A classic example of a pump is the sodium potassium pump. Since during the excitation of neurons sodium ions are constantly traversing into the cell and potassium ions are leaving the cell, the resting levels of these ions must be constantly restored. Unlike potassium, which is present in larger proportions outside the cell, sodium is in much higher concentrations outside the cell. The sodium potassium pump pushes sodium and potassium against their concentration gradients by binding ATP and hyrolyzing it for energy.

Immune function

Proteins are also important in the immune response. There are two types of important proteins the immune system uses to scan the vast network of molecules in our body and determine self from nonself. In the first stage of the immune response, the body recognizes circulating foreign particles (antigens) through antibodies, which are produced by plasma cells (B lymphocytes). The ability of plasma cells to produce millions of different antibodies is inherent from birth; virtually any circulating antigen will be bound by its complementary antibody. Once bound by antibody, the antigen can be either consumed by macrophages or be further bound by mature plasma cells to stimulate the production of even more antibodies. Mature cells are stimulated to divide and form clones, which act as an immunological memory against further attack from identical antigens. Like enzymes, the amino acid sequence of the antibody determines its specificity. The whole recognition and response of plasma cells to a new infection is called the humoral response.
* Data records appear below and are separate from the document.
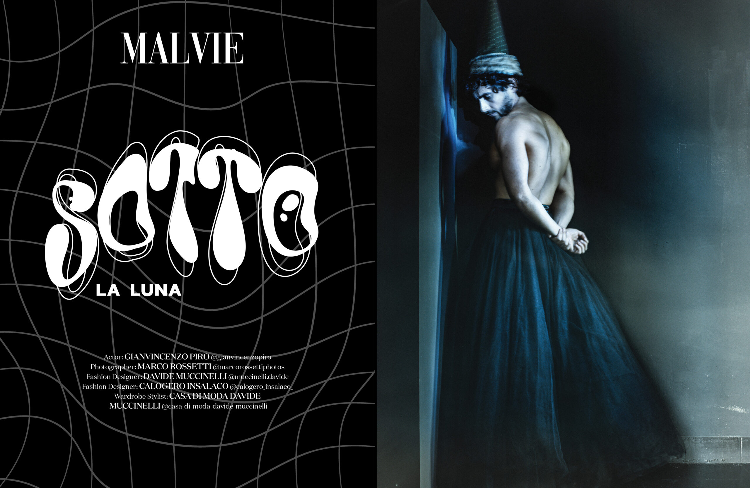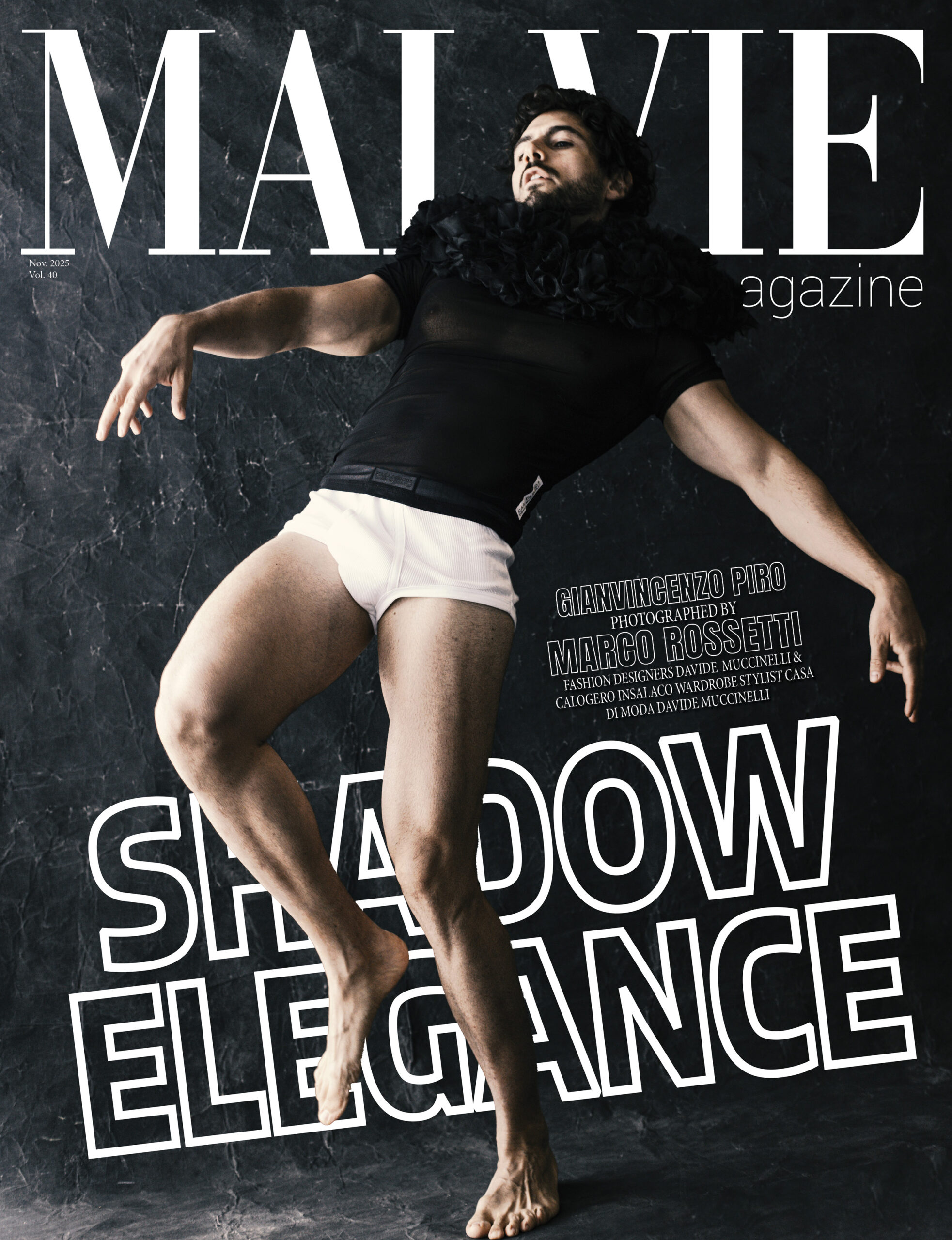 Nel 2025 l’incontro con i Designer della Casa di Moda Bolognese, Davide Muccinelli e Calogero Insalaco, per un progetto creativo ed artistico dove l’Alta Moda si confronta con i “volti” interpretati dall’ Attore Piro, in un viaggio onirico come un sogno. Al progetto si unisce il fotografo Marco Rossetti, amico della Maison, che immortala con i suoi scatti i frame di tale progetto.
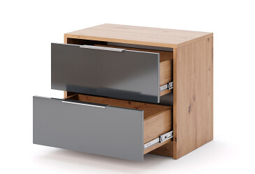 - super-cena, skladem, dřevotříska + MDF, laminovaná, patinovaná, dub navarra, kuličková vedení plného výsuvu, uzavřené, dřevotříska, moderní styl.
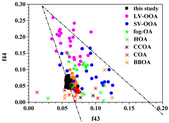Triangle plot of f44 vs. f43 during the sampling periods of different seasons. The solid rectangles in green, red, orange, and black represent the data from the spring, summer, autumn, and winter of this study. Other symbols represent the data of different types of organic aerosol in the literature and the detailed information is summarized in Tables S2 and S3 of the Supplementary Materials. The fog-OA data were from the field observation results in the San Joaquin Valley, California. The dashed guidelines were derived from the data reported by [54]. The LO-OOA and MO-OOA in some studies were treated as SV-OOA and LV-OOA, as suggested by [32].
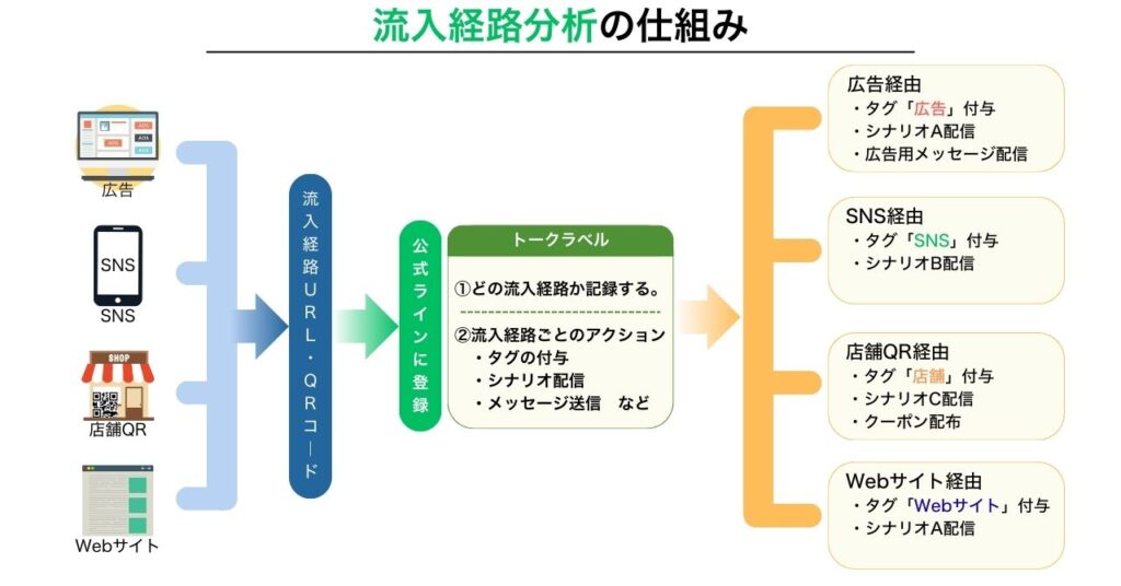 - どの広告・SNS・店舗・キャンペーンから友だち追加されたかを把握できる
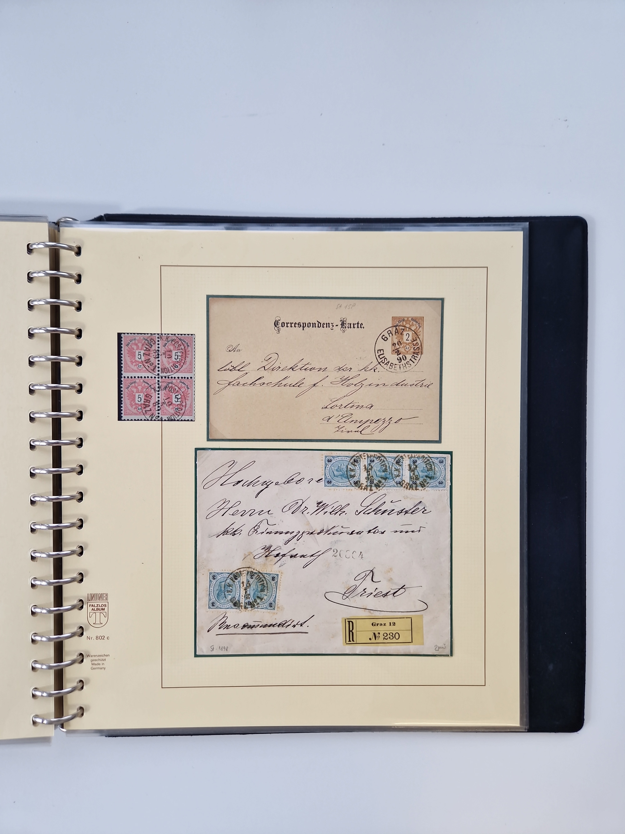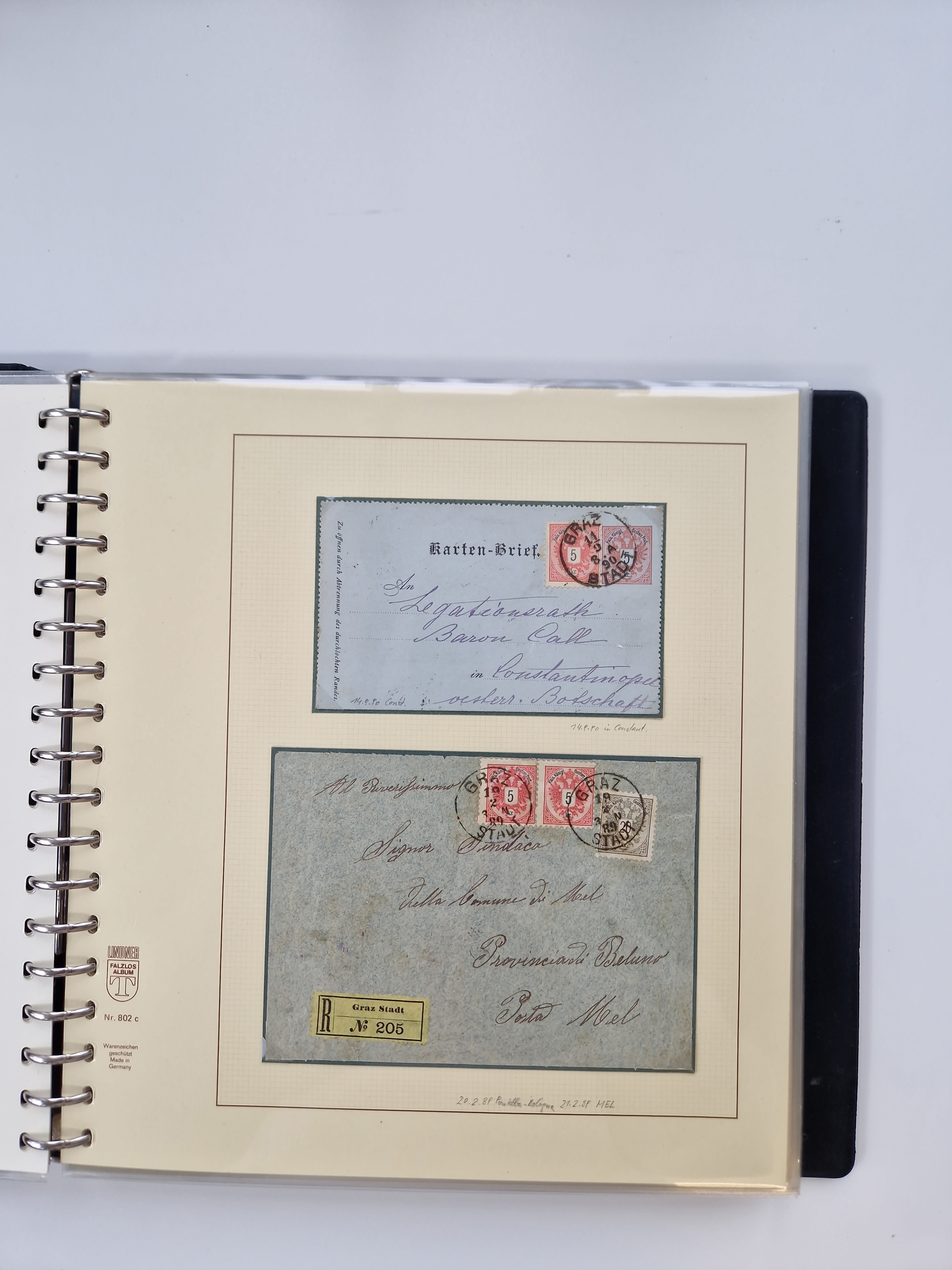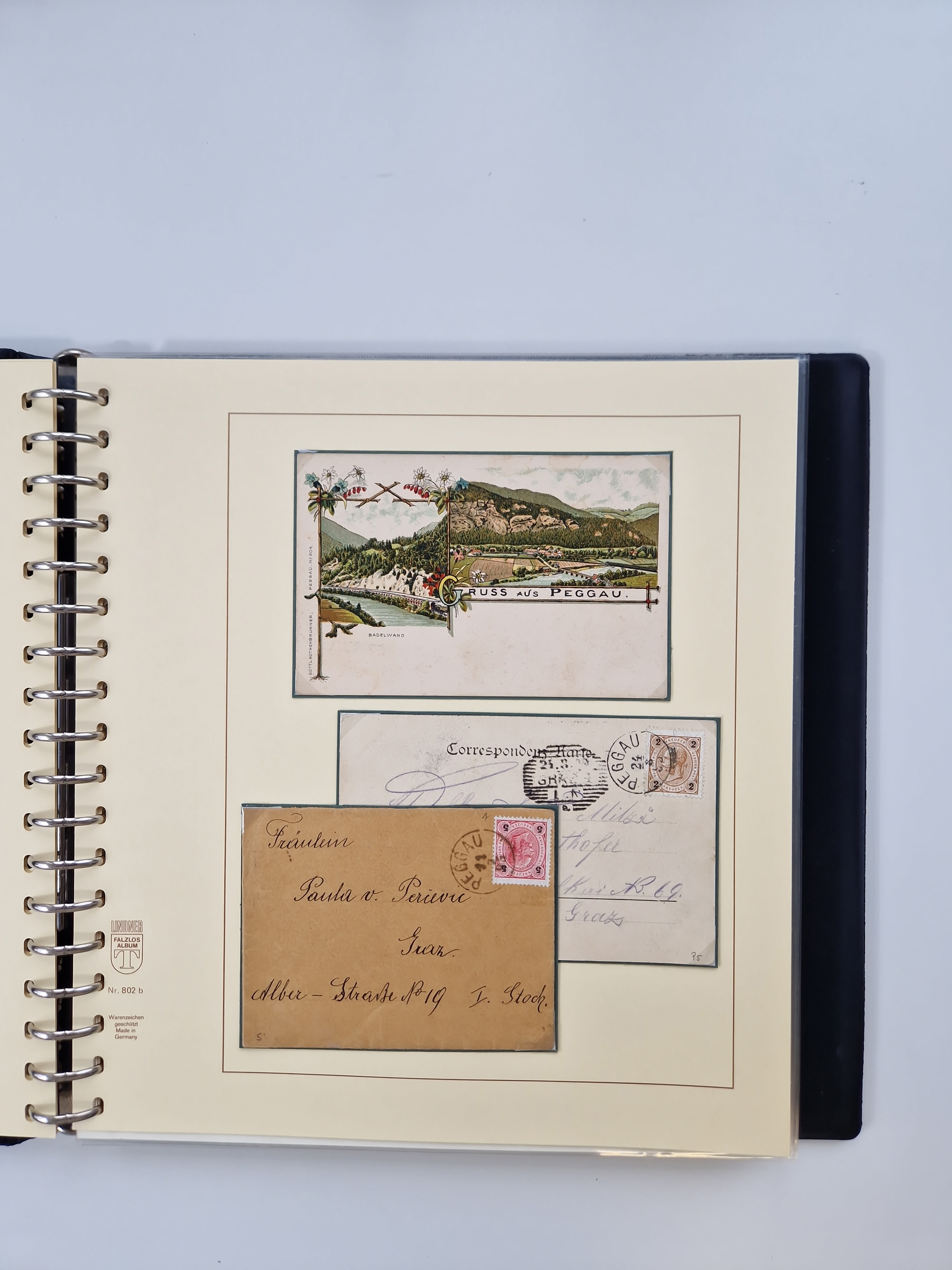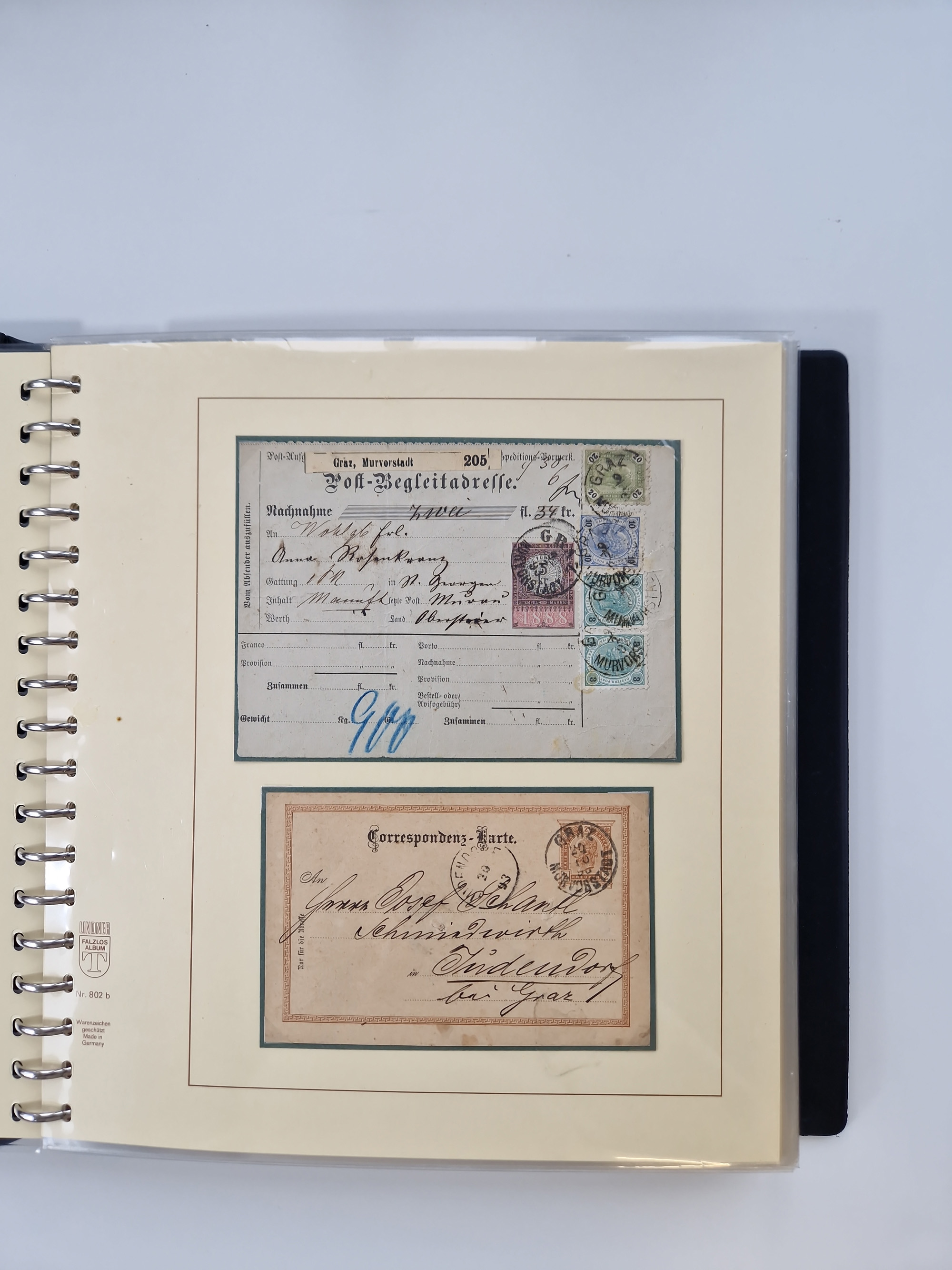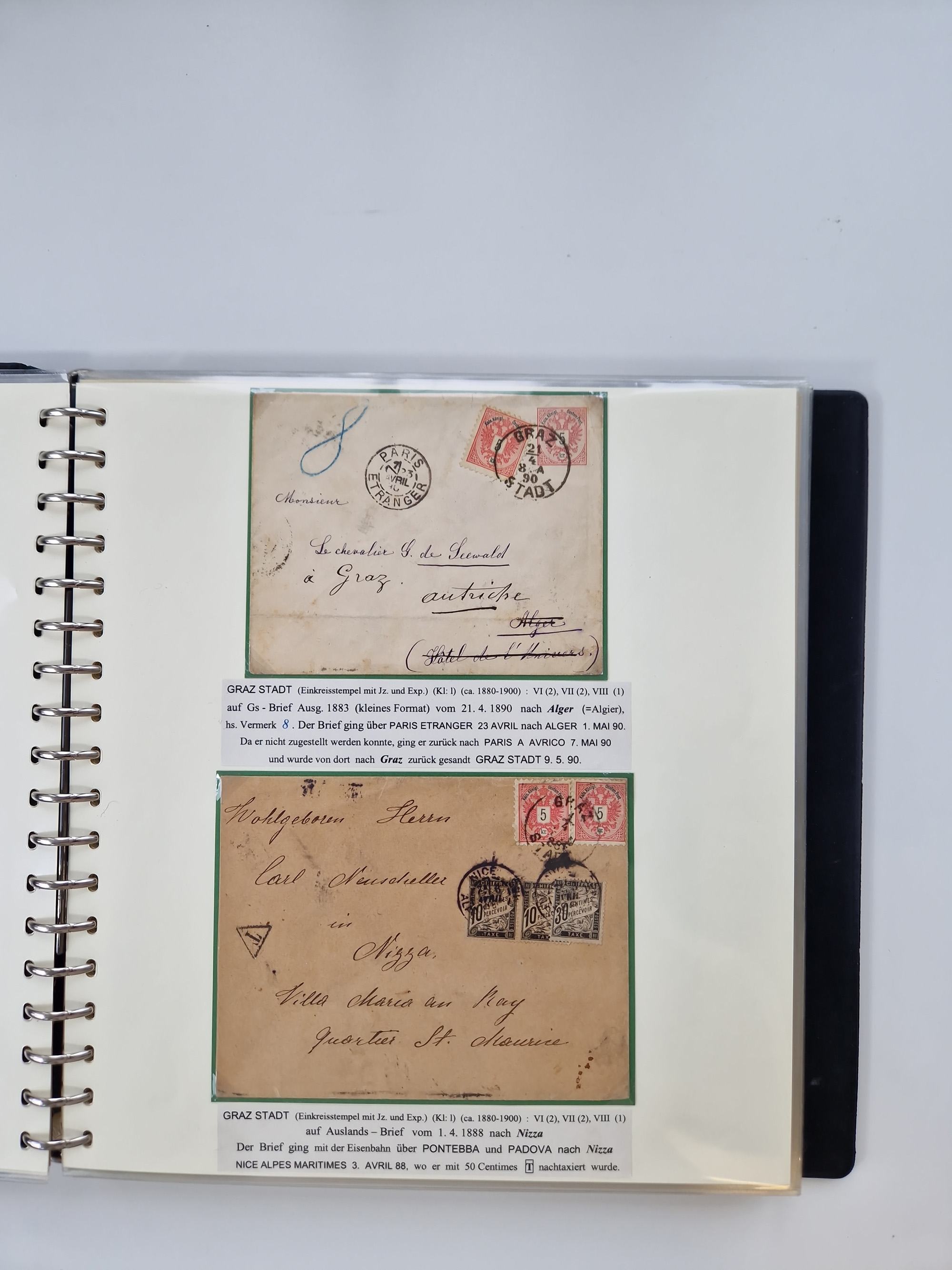 1850/1919 (ca.), zahlreiche aufgezogene Heimat-Sammlung “GRAZ” und Umgebung Andritz bis Zettling, mit über 220 Briefen und Karten, besseren Einzel- und Mehrfachfrankaturen, Buntfrankaturen sowie R-Briefen, Ansichtkarten mit Lithos und weiteren Besonderheiten, Schwerpunkt bei den Ausgaben 1883 bis 1899, dabei u.a. Destination Finnland, 1897 R-Brief auf “BRUXELLES” nach Graz weitergeleitet mit Mischfrankatur, ferner lose Marken und Briefstücke ab Ausgabe 1850 mit meist klaren Stempel-Abschlägen, “PUNTIGEN” auf 6 Kr. (Müller.-Nr. 2276a, 150 Punkte), etc., dabei auch Postscheine, Postanweisungen, Paketkarten oder Recepissen. Ein außerordentlich reichaltiges und interessantes Objekt, zusammen in 4 Alben

The second stage of immune response is called the cellular immune response. In the cellular response, T lymphocytes (killer T cells) bind to foreign particles displayed on the surface of cells and destroy the contaminated cell. Helper T cells also bind to the foreign particles displayed on the surface of cells and stimulate the humoral response by helping plasma cells to proliferate. Why is the cellular response necessary if antibodies can recognize antigens and mark them for destruction? The answer lies in the fact that many of the viruses and bacteria that invade the body are found in greater concentrations within cells, preventing antibodies from reaching them. The immune system has adapted to this problem by cutting some of the foreign particles up into peptides to be displayed at the surface of the infected cell by a protein known as the major histocompatibility complex (MHC). Killer and helper T cells are specialized for recognizing peptides bound to these proteins, increasing the speed and effectiveness of the immune response.